Incluido el análisis curatorial de esta muestra ficticia integrada por obras reales (donadas por sus autores, cómplices del simulacro), que se enreda en una serie de citas y términos complicados hasta culminar en una sucesión de símbolos ilegibles. Cualquier parecido con la realidad no es pura coincidencia.
Este artista interdisciplinario se unió a Álvarez, actriz reconocida a nivel internacional, para formar un cóctel -literalmente- explosivo. Desde 2015 impulsan La Columna Durruti, grupo productor de esta performance, con un equipo formado en la escena independiente de las artes escénicas.
Desde el principio, sus acciones apuntaron a derrumbar los mandatos heredados y "destruir los iconos de la cultura". Comenzaron por las raíces: cuestionando nada menos que a la familia como institución, con performances que también culminaron con una anárquica destrucción de objetos simbólicos.
En esta ocasión, a modo climax de la Bienal de Performance, arremetieron contra la escena del arte contemporáneo y su relación con el mercado.
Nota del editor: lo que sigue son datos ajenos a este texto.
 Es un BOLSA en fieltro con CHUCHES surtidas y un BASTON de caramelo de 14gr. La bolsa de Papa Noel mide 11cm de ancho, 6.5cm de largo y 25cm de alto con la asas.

Claro que el recurso de la destrucción, en este terreno, no es nuevo. Justamente fue ése fue el título que Minujín le puso a su primer happening, realizado en París en 1963. Consistió en permitir que otros artistas intervinieran sus obras realizadas hasta entonces, para después quemarlas mientras liberaba cientos de pájaros y conejos.
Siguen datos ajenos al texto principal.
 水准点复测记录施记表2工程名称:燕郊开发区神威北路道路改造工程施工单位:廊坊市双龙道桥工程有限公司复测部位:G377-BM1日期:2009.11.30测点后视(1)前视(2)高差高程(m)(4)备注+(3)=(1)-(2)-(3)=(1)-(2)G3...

Dos años antes, un grupo de artistas informalistas había abierto el camino al arte de acción al exhibir Arte destructivo, una muestra integrada por desechos encontrados y sonidos perturbadores en una de las principales galerías de arte de Buenos Aires.
"Nosotros decimos siempre: la destrucción sirve para trabajar con el despojo, con el resto. Como cuando uno quema el prado en el campo para que lo que nazca, lo haga con más fuerza", aclara García Wehbi. "Si se quemaran el MoMA o el Louvre, ¿qué obra salvarían? -dirá Álvarez al interpretar su texto-. Lo único que habría que salvar es el fuego, para empezar todo de nuevo."
Estas ideas radicales tienen mucho que ver con el nombre del grupo, La Columna Durruti, inspirado en las milicias populares anarquistas que participaron de la Guerra Civil Española y fueron lideradas en sus inicios por Buenaventura Durruti. Ocho décadas después, toman cuerpo en estos enmascarados que ahora dibujan con aerosol rojo un voluminoso pene sobre el "Cristo" de la última cena recreada por Marcos López, antes de arremeter contra la obra a hachazos.
Un final dramático y provocador para esta tercera edición de la bienal, dirigida por Graciela Casabé y curada por Álvarez. La autocrítica y el humor habían marcado el tono desde la conferencia de prensa, realizada semanas atrás, que cerró con un video del colectivo de artistas Young-Hae Chang Heavy Industries. "Si no sabe hacer un corno -anunciaba la obra-, tiene un futuro prometedor como artista de performance. El artista de nuestros tiempos."
Inaugurada en 2015 con la participación de la artista serbia Marina Abramovic, considerada "la abuela de la performance", la bienal presentó este año una veintena de trabajos, incluidos los del italiano Romeo Castellucci y la francesa Gisèle Vienne, en otras tantas sedes de Buenos Aires, Vicente López y Córdoba.
Entre las propuestas más atractivas se destacaron Ronquidos oceánicos, una siesta colectiva que incluyó masajes para el público y escenas eróticas entre humanos y delfines, y Estás conduciendo un dibujo, un paseo en moto a ciegas por la ciudad. Todas experiencias destinadas a destruir, por lo menos, el concepto tradicional de lo que consideramos arte.